Effect of Hands on Royal Icing Consistency

Recently I took a class at McGoo U.  We were all doing intricate work and my frosting was runny. This was odd because Liz made all the frosting and we all had the same size tip! Liz handed me her bag and the frosting worked fine.  It occurred to me I was older than the other students and probably the only one having hot flashes (menopause).  I'm wondering if some if my consistency problems is hot hands.  Liz mentioned she has cold hands.  Any suggestions, opinions or similar experiences? 

Original Post

Interesting concept.  I have very warm hands and always had issues with buttercream when I was doing cakes.  Worked it out by always decorating in a very cold room.  I also have problems with RI that looks like it was the right consistency thinning down as I am using it.  Maybe I will crank the AC and give the cold room a try on my next cookie project. 

It's definitely possible that your hands could warm the icing and make it a little more fluid - just as icing that comes to room temp from the fridge gets looser as it warms. I find that if I work with the same cone for a long while, the icing can get a wee bit looser, I presume from handling it a lot. Though I imagine it would only get more fluid up to a certain point, especially if the icing started at room temperature, and that the variations would not be very large. I say this, because your body temperature isn't nearly hot enough to liquefy sugar (melting point for granulated sugar is between 140C and 180C, depending on who you ask.)

 

Was the icing at room temperature before you started? That could have been part of the problem, if it was warming up as you worked. That all said, you could try doubling up the bag (so there's more insulation, in effect) or working in a cooler environment, as mrshugs suggested. And see if you notice any material difference.

 

When I'm doing chocolate work, which is much more sensitive to temperature variations, I usually want warmer hands - so the chocolate doesn't set too fast! So menopause isn't all bad!

I also have warm hands and I always try to work quickly if I am using the same one bag on more than 24 cookies back to back.  If I have more than that, then I put the icing back in a bowl and add a little more sugar to it to firm it up a little if I have to keep working, or I will only fill half the bag and then refill the bag with the rest of the icing (mixing it with the warmer used icing) after 24-36 cookies.

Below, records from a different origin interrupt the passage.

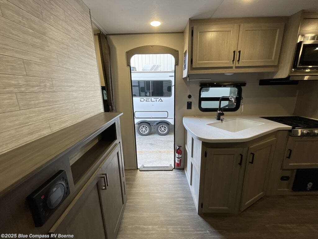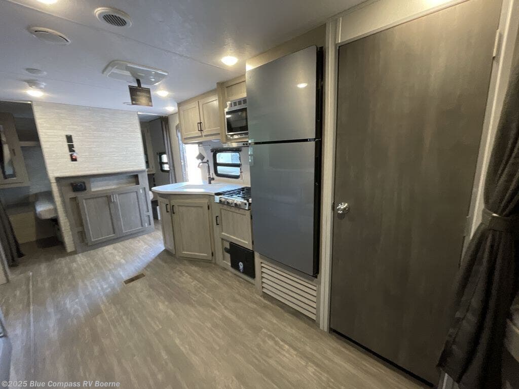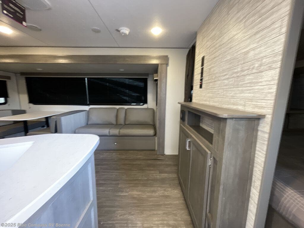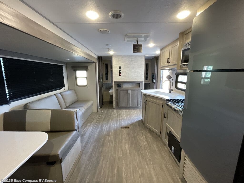 Everyone will have a comfortable time camping in this travel trailer! It features a set of double sized bunk beds for the kids or guests to sleep on and are conveniently next to the rear corner bathroom which has a tub/shower with a skylight above for added natural lighting. The booth dinette and sofa slide opens up the kitchen area so you have more space to prepare your best meals with the three burner cooktop. When you're ready to wind down your nights, grab a snack from the large pantry, a beverage from the 10.7 cu. ft. refrigerator, and place your drink in the cupholder/arm rest of the sofa while you watch a movie at the entertainment center!
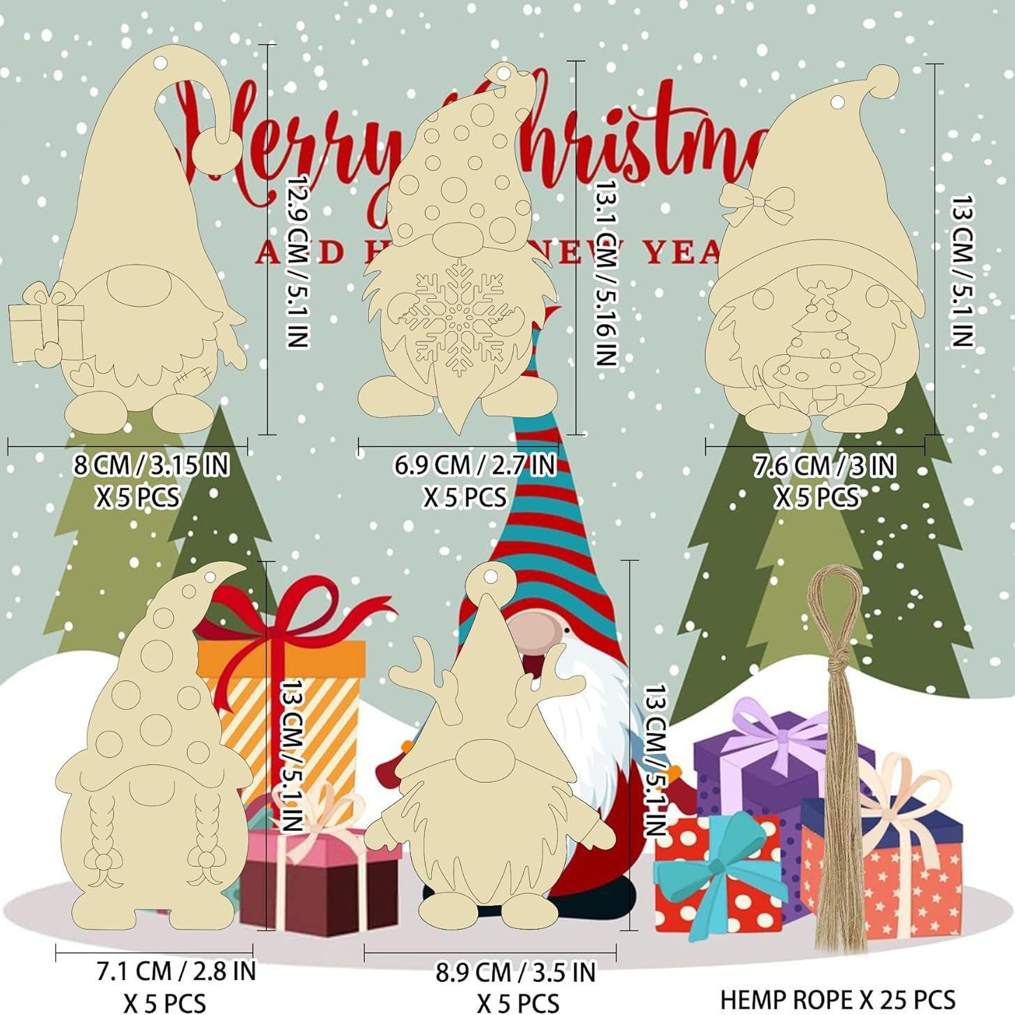 30-piece set of dwarf christmas dolls, wooden handmade hanging gnome elves ornaments for christmas
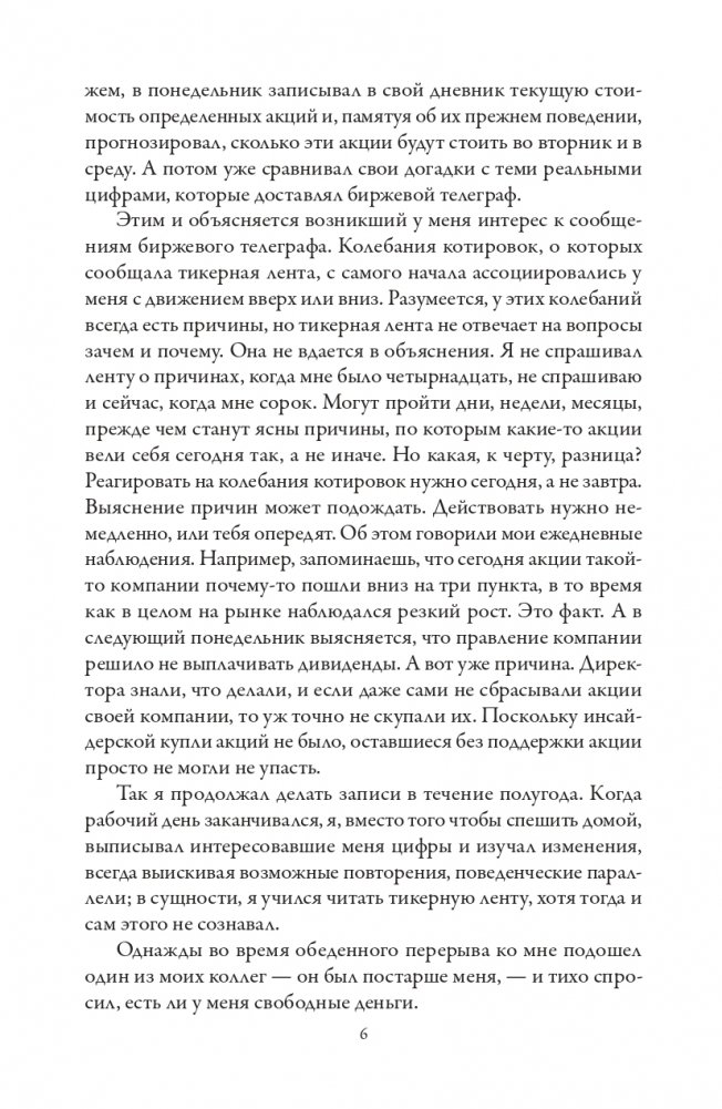 Это художественная биография, пожалуй, одного из самых величайших в истории финансовых гениев, Джесси Ливермора, рассказывающая всю правду о психологии рынков, инвестиций и биржевой игры. В своей книге Эдвин Лефевр описывает большое количество трейдовых стратегий, приемов и уловок, которые использовал легендарный мастер, делится бесценным опытом, полученным его героем, выдает множество интересных фактов из мира финансов и жизни знаменитого маклера. На этой классической книге, впервые изданной в 1923 году, выросло уже не одно поколение блестящих финансистов. Благодаря своему гениальному содержанию сегодня "Воспоминания биржевого спекулянта", как и почти век назад, остаются актуальным руководством для трейдеров.
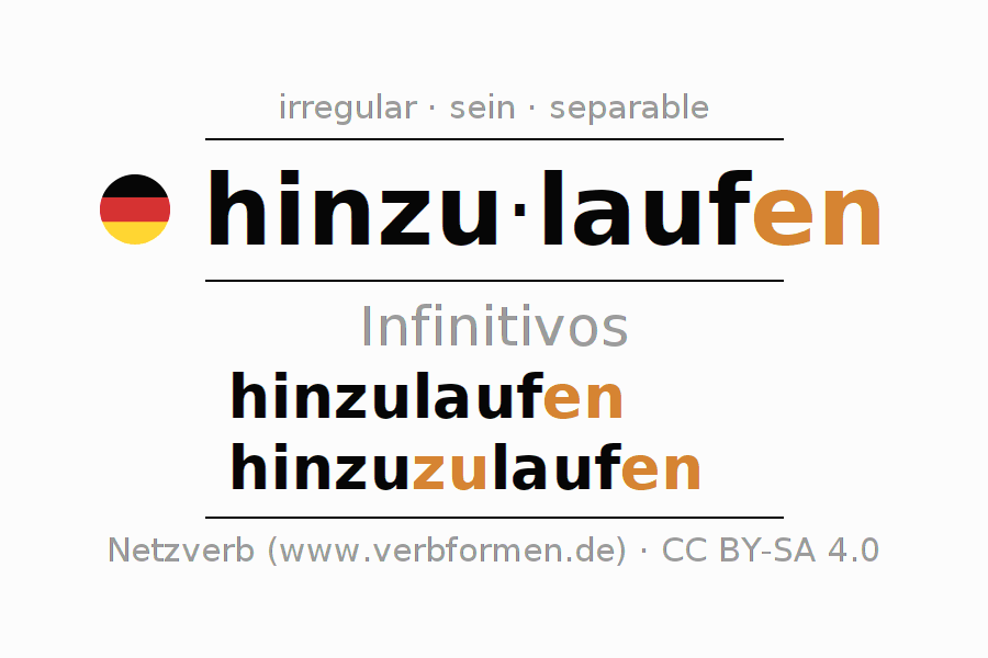 Los infinitivos de hinzulaufen (acudir, acercarse) son: hinzulaufen, hinzuzulaufen
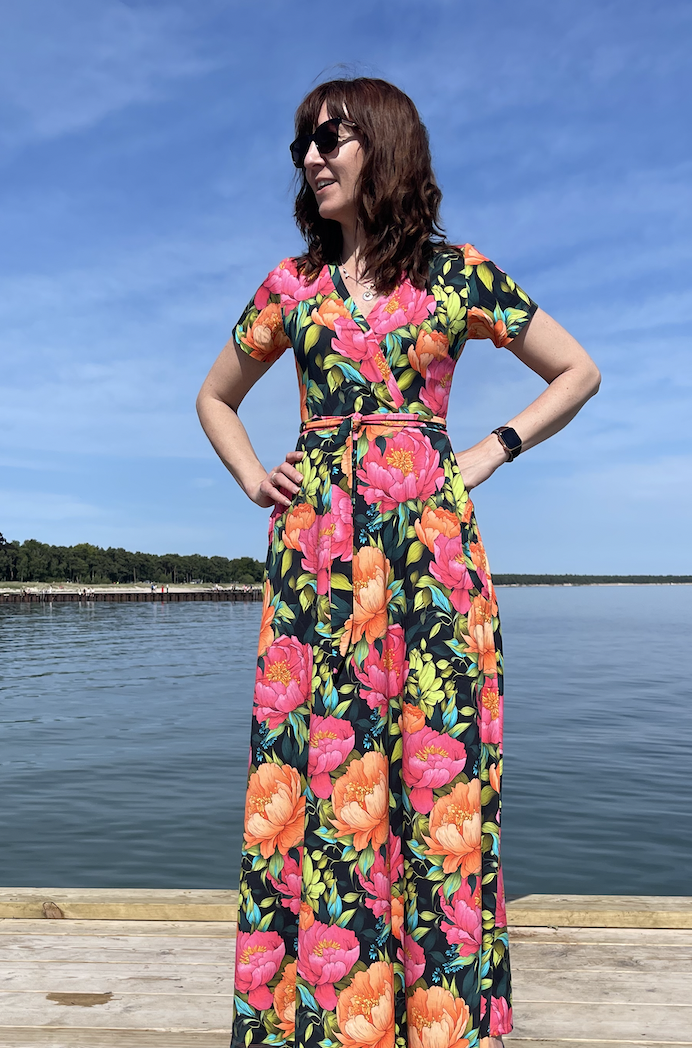Modellbilderna visar klänningsmodellen i annat tyg. På första modellbilden (med 3/4 dels utställd ärm) visas stl 38/40, på nästa (bryggan) har modellen stå 36/38, och sen är det stl 46/48 (på den bilden är ärmen ofållad). Vi har valt att sy denna klänningen dubbelstorlekar eftersom modellen är flexibel. Väljer du mellan två storlekar ta den större, midjan är något lägre på denna modell än de flesta av våra klänningsmodeller vilket gör att kjoldelen (som är klockad) blir lite mindre över magen. Skärpet är löst utan hällor och kan knytas över sömmen, i håret eller kanske på väskan?
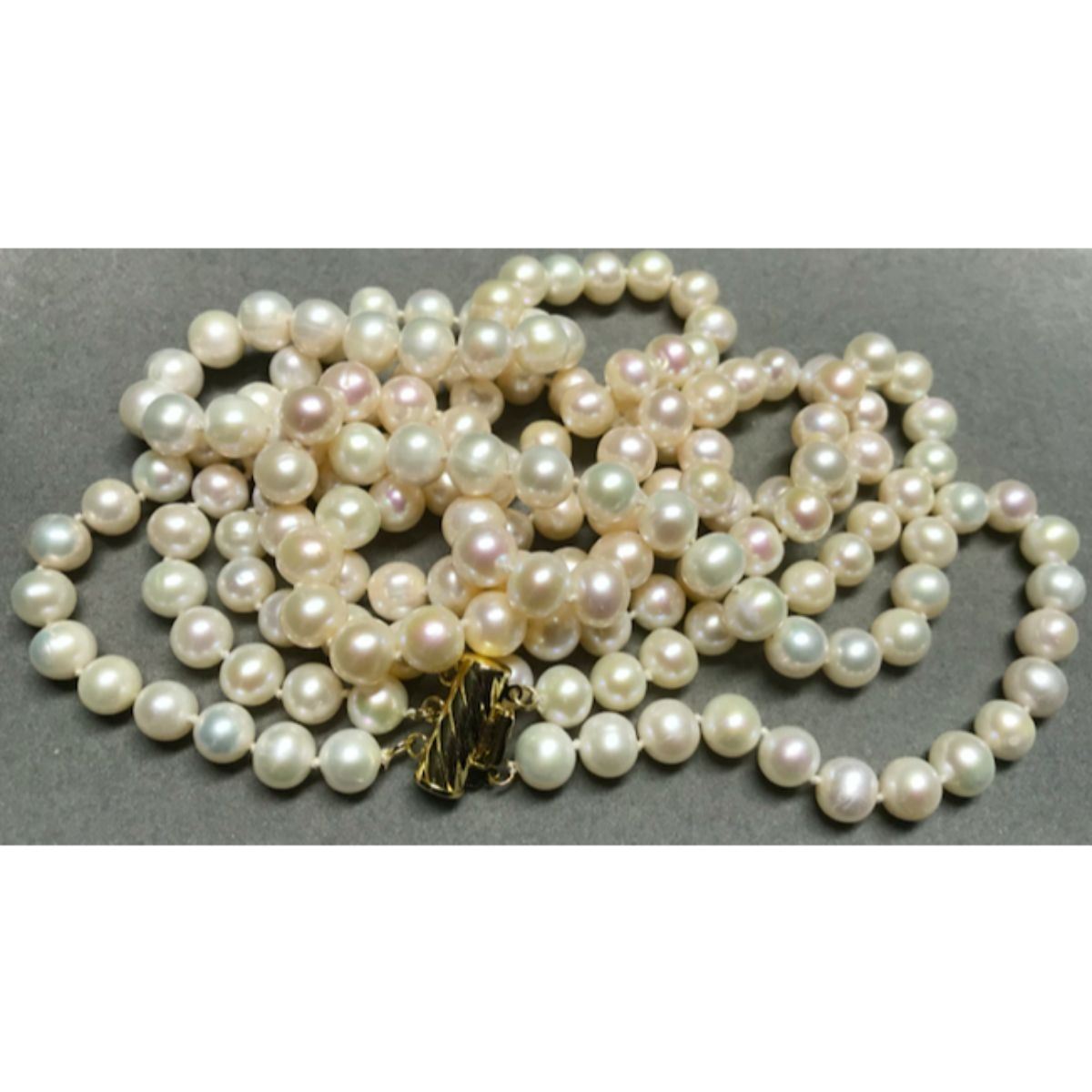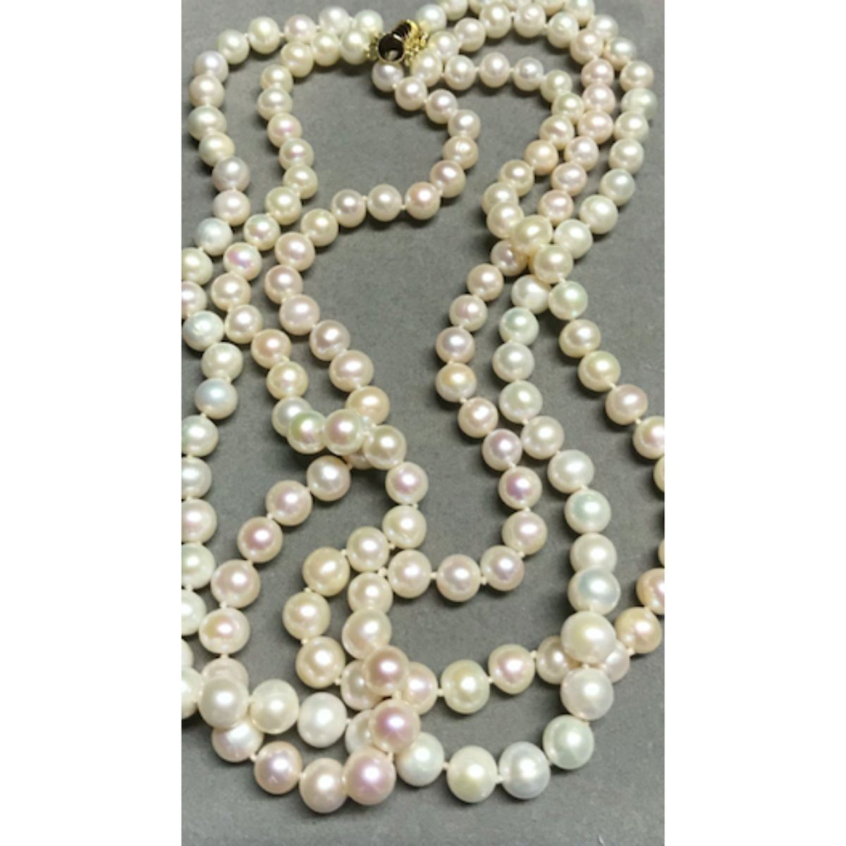 8-9mm Natural White Akoya pearls 3-row strand 18 - 19" necklace with 14kt yellow gold clasp.  - 10563-051518-EB-62557Â
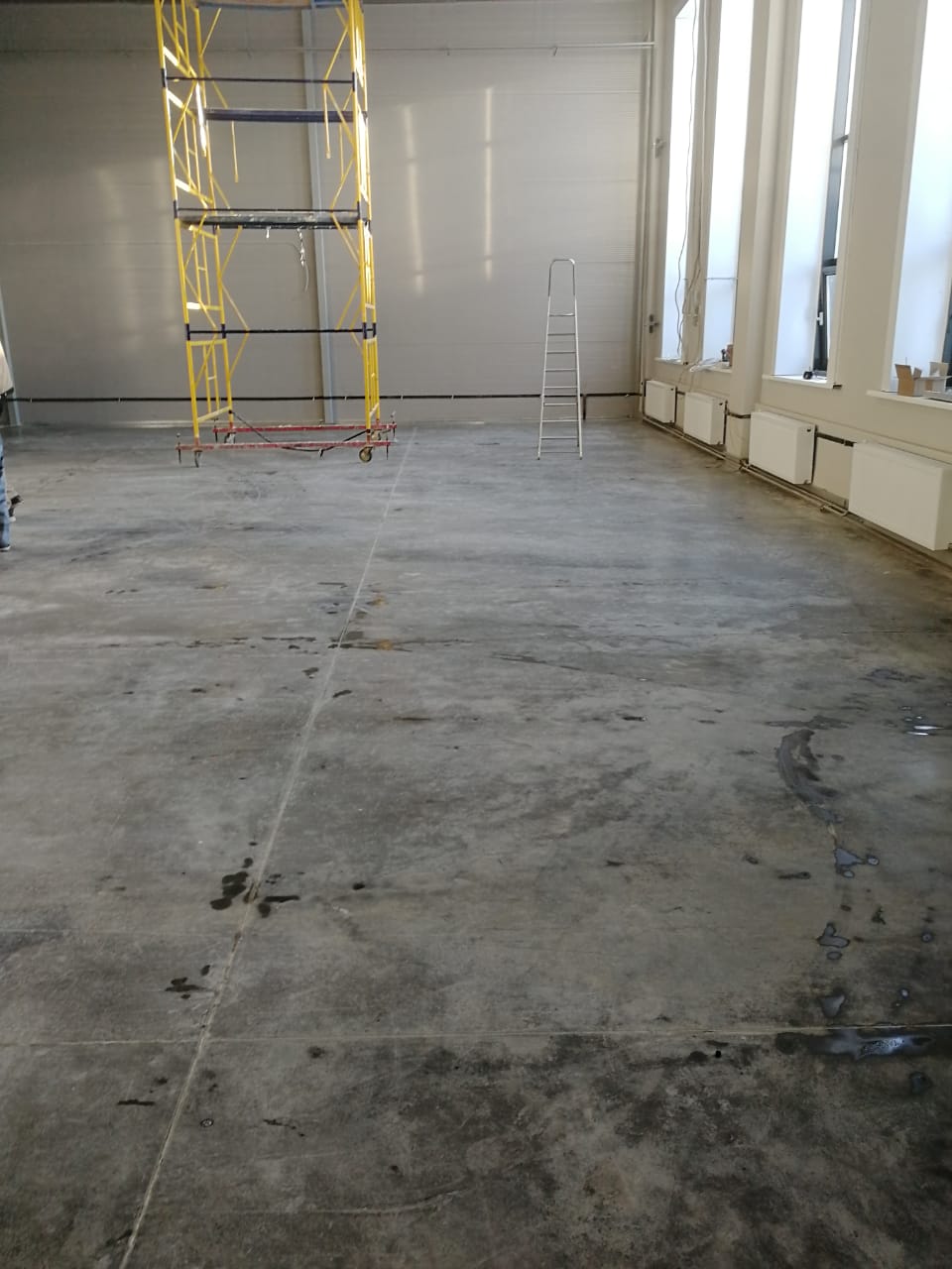 Произведена уборка поверхности бетонного пола складского помещения площадью 15 000 кв.м. в г. Пушкино.
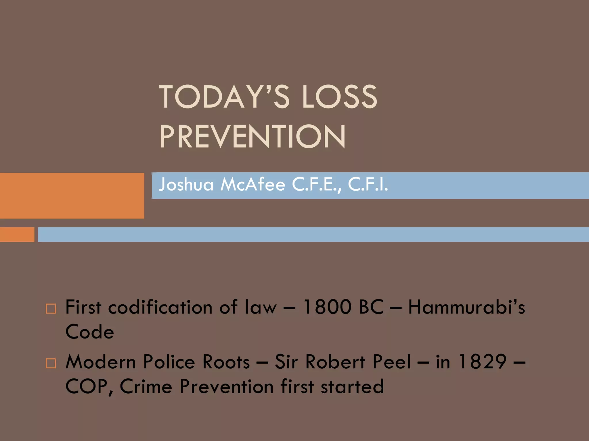 This document provides a historical overview of loss prevention and summarizes key loss prevention tools and strategies. It discusses the evolution of modern policing and loss prevention from 1800 BC laws to the modern roles of crime prevention officers and loss prevention officers. The core loss prevention tools are identified as risk analysis, planning, evaluation, research, and standards. Crime prevention strategies like CPTED focus on natural surveillance, access control, and barriers to reduce opportunities for crime. Risk management techniques include risk avoidance, transfer, abatement, and acceptance. Internal threats are addressed through controls, auditing, policies and physical security.

Just a thought - I remember reading about someone who had 2 bags on the go.. one can rest and come down in temperature while the other is being used.

Since starting to use the Master Bags I have wondered about this as there is only a very thing layer between the RI and my normally quite warm palms.

I have been reading the book "The Art of Royal Icing, by Eddie Spence" and this is what he has to say on the matter : 

Remember that heat - whether in the atmosphere or from your hands - will cause the air in the icing to expand which will make the icing short (it will not flow easily), do not use the same bag of icing from more than 20 minutes as the heat from your hands will cause air bubbles to form and the lines may break.

I find that this is true for me. The heat from my hand transfer to the icing in the bag that I am holding. I try to make the icing a "little" more firm that what I really want because the "time" and "heat" effect makes it more liquid.

I have seen videos on youtube stating that you should wear gloves when working with buttercreams and other icings with unmelted fats. Might work, or at least let you know if heat from your hands was the problem. Maybe keep a pair of gardening gloves in the fridge, and swap when your hands get hot?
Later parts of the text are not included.